Collapse looks like....THIS!

I sent an email to my mom today, and then thought i should post in on my blog, and now I think everybody here should know about it too…

http://www.mythic-cartography.org/2007/03/16/a-vision-of-the-future-khabarovsk-in-collapse/

A series of three articles by Dmitry Orlov
One: http://www.fromthewilderness.com/free/ww3/060105_soviet_lessons.shtml
Two: http://www.fromthewilderness.com/free/ww3/062805_soviet_lessons_part2.shtml
Three: http://www.copvcia.com/free/ww3/071805_soviet_lessons_part3.shtml

Thank you for posting the first Orlov link, Willem. It is definately worth the read.

Curt

Thanks Curt! Jeez. Wondered why no one responded.

Dmitry Orlov can be damn funny too. Here’s an article of his railing against cars.

http://www.culturechange.org/cms/index.php?option=com_content&task=view&id=83&Itemid=33

Hilarious!

Thanks for these links, Willem. I just finished reading the “Closing the ‘Collapse Gap’” article from your blog.

I lived in Kazakhstan for a semester back in 1995 and was amazed at how well the country was doing at that point. There was a lot of peer polity in the form of foreign market influx–Iran, Turkey and China were leading the US by a lot. In fact, it was getting hard to find soviet goods at that point.

Orlov’s presentation brought back a lot of memories for me. How factories that could no longer pay their workers a salary started paying them in goods. My family knew a man that worked at a doll factory who was then forced to try to peddle cheap-ass barbies on his own in order to feed his kids–problem was that nobody could afford a barbie regardless. So bartering happened everywhere. “I bet your girl would like this doll.
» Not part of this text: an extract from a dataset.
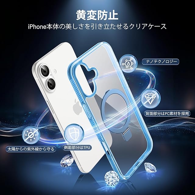商品名:【隠しスタンド リング・MagSafe対応】Flyzooケース用のiPhone 16 [ワイヤレス充電対応 多機能一体] クリアで透明な 黄ばみ防止 米軍MIL規格 耐衝撃 高耐久性 傷つけ防止 滑り止めグリップ マグネットホルダースマホ保護カバー 6.1インチ(ブルー)

Maybe for some potatoes, you could make her happy.”

Orlov also made some really sobering points about why we won’t fare as well as the soviets did. They built shit to last–even if it didn’t work when you got it home, once you got it working, it kept working. We build our shit to break down right after the warranty expires so that you’ll have to buy a new one.

Another thing that help the local where I lived: in Almaty, almost every family had a “summer cottage” (dacha) in the mountains. The government didn’t want anyone living outside of the city, so you couldn’t have electricity or running water in your cottage. But after the collapse, these became second–or for some primary or even only homes. The people had know how to shit in a hole and read by candle and heat with wood for time immemorial, so to do it on a daily basis was no big stretch. My family’s grandparents moved into their dacha permanently and supplied the city-bound family with lots of garden goods that wouldn’t grow in the smog below the mountains.

I plan on reading the rest of the Orlov links you’ve shared. This guy’s perspective is invaluable.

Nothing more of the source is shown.